第9条 併合請求の場合の価額の算定
第9条 併合請求の場合の価額の算定
一の訴えで数個の請求をする場合には、その価額を合算したものを訴訟の目的の価額とする。ただし、その訴えで主張する利益が各請求について共通である場合におけるその各請求については、この限りでない。
果実、損害賠償、違約金又は費用の請求が訴訟の附帯の目的であるときは、その価額は、訴訟の目的の価額に算入しない。
一つの訴えで複数の請求をする場合には、その価額を合算したもんを訴訟の目的の価額とするんやな。ただし、その訴えで主張する利益が各請求について共通の場合におけるその各請求については、この限りやないんや。
果実、損害賠償、違約金または費用の請求が訴訟の附帯の目的であるときは、その価額は、訴訟の目的の価額に算入せえへんで。
ワンポイント解説
この条文は、複数の請求を併合する場合の訴訟の目的の価額の算定方法を定めています。原則として各請求の価額を合算するが、各請求の利益が共通する場合(例えば、同一の土地について所有権確認と引渡請求をする場合)は、重複を避けるため合算しありません。
また、果実・損害賠償・違約金・費用など、主たる請求に附帯する請求については、訴訟の目的の価額に算入しありません。これは、附帯請求が主たる請求に従属的な性質を持つためです。
これは、一つの裁判で複数のお願いをするときの「金額の数え方」のルールやな。基本的には全部足し算するんやで。例えば、100万円の請求と50万円の請求を一緒にしたら、合計150万円っていう計算になるわけや。

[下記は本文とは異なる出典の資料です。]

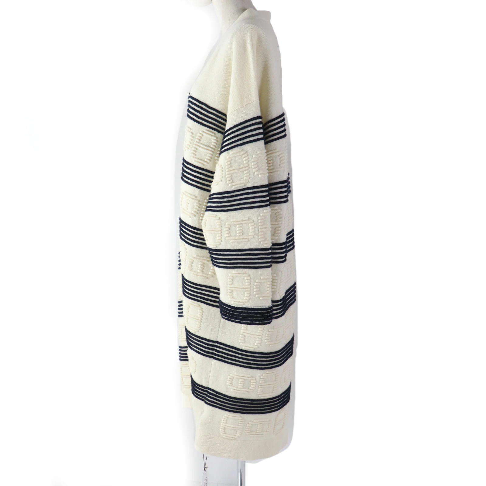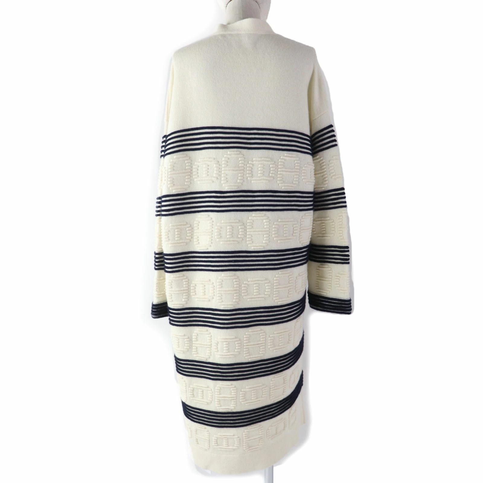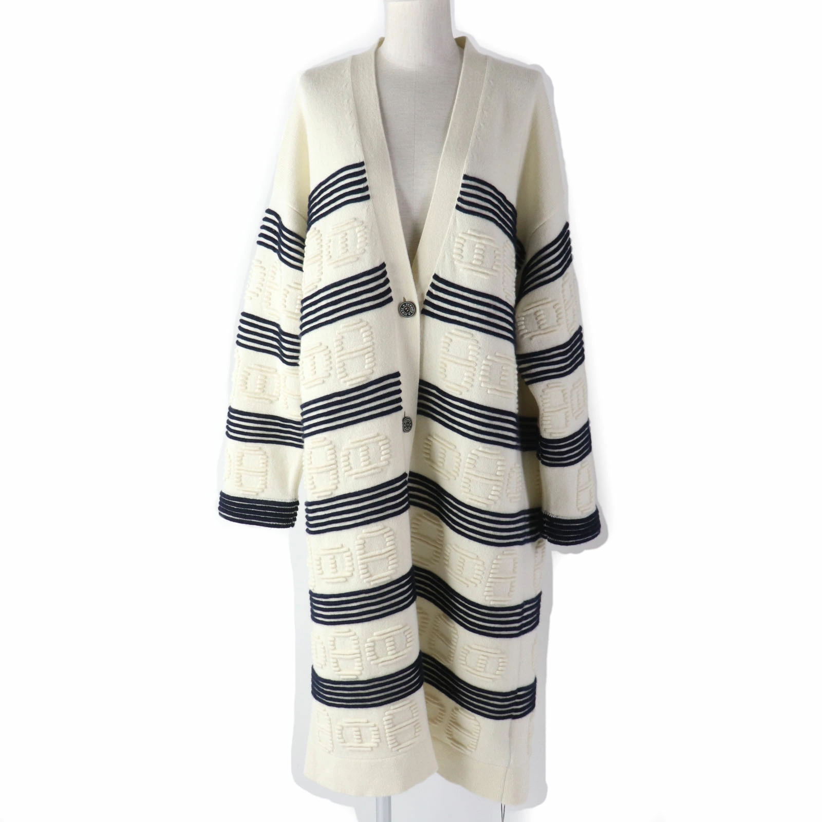 Unused HERMES 2023 3E2102D2 Cashmere and Cotton Chaine d'Ancre Pattern Long Sleeve Cardigan with Serie Buttons, Ivory and Navy, Size 38, Hanger Included, Made in Italy, Authentic, Women's [Pre-owned]

でもな、同じ物についての請求やったら二重に数えたらあかん。例えば、「この土地は私のもんや」っていう請求と「やから土地を返してや」っていう請求は、どっちも同じ土地の話やん?そういう時は、土地の価値を二回数えたりせんと、一回だけ数えるんやで。
それと、「お金を返してもらう」のがメインの請求やったら、その利息とか遅延金とかは別に金額に入れへん。あくまでオマケやからな。メインの請求の金額だけで簡易裁判所か地方裁判所かを決めるっていう、ほんまに合理的な仕組みやと思うわ。